The honest summary: Git is a near-perfect time machine for the *text you committed*, and nothing more.
Know that boundary and you'll trust it exactly as far as it deserves.
---
## Check for understanding
**You're done when:**
- You can state, without looking, which undo to use for (a) an uncommitted mess, (b) a bad change
already pushed to a shared branch, and (c) three local "wip" commits you want to squash before
pushing — and why the wrong choice is wrong in each case.
- You have reverted a real merge commit with `git revert -m 1` on your `tasks-app`, and your `git log`
shows both the bad merge and the revert sitting on top of it (history preserved, effect undone).
- You have "lost" a commit with `reset --hard` and recovered it from `git reflog`.

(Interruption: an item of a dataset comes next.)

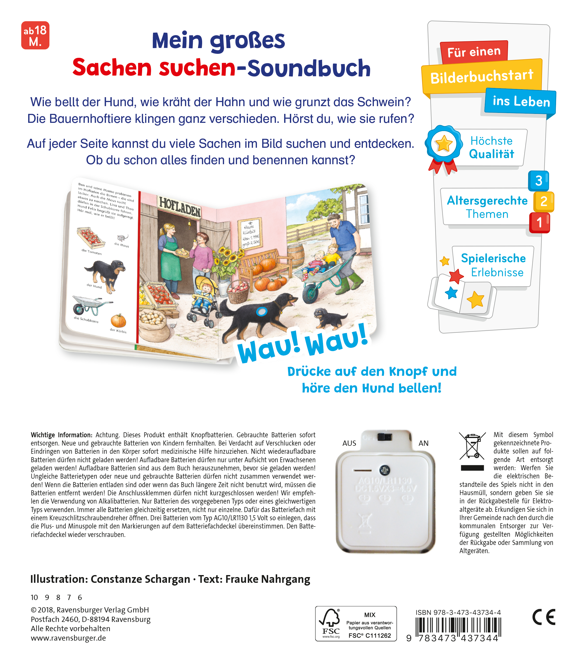 Das Soundbuch enthält folgende Bauernhof-Szenen und Geräusche:-Auf der Weide passt Kuh Elsa auf ihre Kälbchen auf und muht.-Vor dem Hofladen begrüßt Hund Felix bellend die Kinder Lina und Theo. -Im Stall grunzt das Schwein vergnügt mit seinen Ferkeln.-Vor dem Hühnerstall kräht der Hahn und freut sich über sein Futter.-Auf dem Feld tuckert der Traktor.Die Lautstärke der Geräusche ist an das empfindliche Gehör von Kleinkindern angepasst. Zusätzlich lässt sich die Soundfunktion auf der Rückseite des Buches an- und ausschalten.Das Buch ist sofort einsatzbereit - es enthält drei für Kinder nicht zugängliche Knopfbatterien, die bei Bedarf nur mit Hilfe eines Kreuzschraubendrehers ausgetauscht werden können.

- You can explain, in one breath, four things Git is *not* a backup for: your database, your secrets,
your uncommitted changes, and your large binaries — and why the reflog wouldn't have saved the third.
When `revert` vs. `reset` is automatic, the reflog feels like a safety net instead of a rumor, and you
can name where Git's recovery stops, you've got the recovery half of the thread. That completes the
team layer (Unit 2) — next, Unit 3 starts automating the checking and shipping, beginning with tests.